The county draws in many tourists as the Bashang Grasslands in the far north of the county is the nearest grasslands to Beijing. The cultivation of a local tourism is part of a broader regional development policy to support tourism as a primary industry in the Chengde area due to the environmentally friendly character of the industry going well with the goal of preserving the Chengde area's pristine environment, especially compared to the pollution problems besetting the rest of Hebei and also Beijing and Tianjin.

The county's primary tourist attraction are the horse ranches in the Datan grassland. Other highlights are the Dahan Palace of Genghis Khan and the Baiyun Ancient Cave. The height of the tourism season is in July and August when there are bonfire festivities filled with ethnic songs and dances, roasted whole lamb, and staged traditional sporting events like wrestling and archery.

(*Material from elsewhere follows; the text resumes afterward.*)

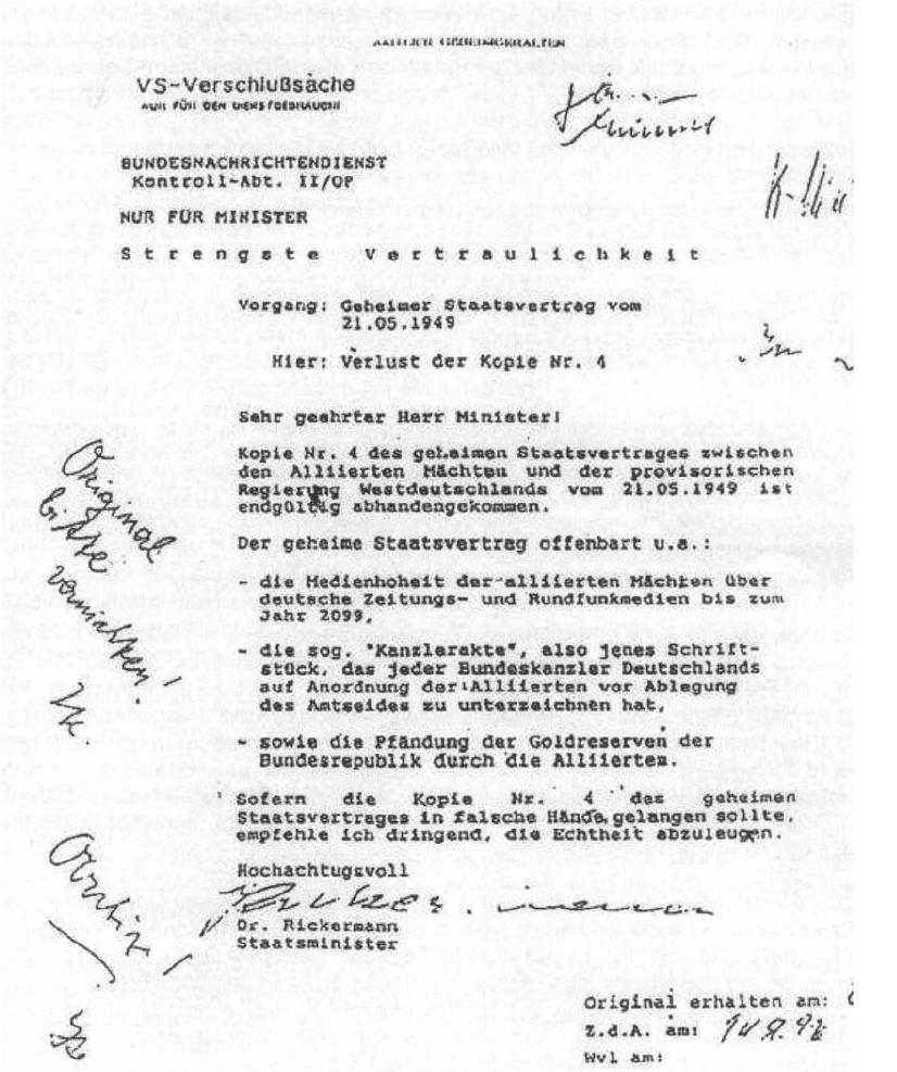 Geheimdienstliches Dokument über den Verlust eines Exemplars der sogenannten "Kanzlerakte". Auch ist hierdurch ersichtlich, weshalb es im Besatzungsgebiet nur gleichgeschaltete "BRD"-Medien mit alliiertem Maulkorb geben kann, und keine freie Presse. Das dargestellte geheimdienstliche Dokument ist durch eine Indiskretion an die Öffentlichkeit gelangt, es ist deshalb als Quelle juristisch nicht zitierfähig. Sofern der interessierte Leser Zweifel an der Echtheit dieses Dokumentes hat, möge er dies aus seinem Gedächtnis streichen.

Significant deposits of molybdenum have been found in Fengning Manchu Autonomous County.

== Culture ==
The Manchu people of Fengning Manchu Autonomous County have a distinct style of papercutting, which is included in China's National Intangible Cultural Heritage List.

==Transport==
Both China National Highway 111 and 112 pass through the county, with the former providing direct access to Beijing. The Zhangjiakou–Chengde Expressway, a segment of the G95 Capital Area Loop Expressway, also runs through the autonomous county.

The autonomous county is served by two railroads: the Duolun–Fengning railway, which runs from Fengning Manchu Autonomous County to Duolun County in Inner Mongolia, and the Tangshan–Baotou railway.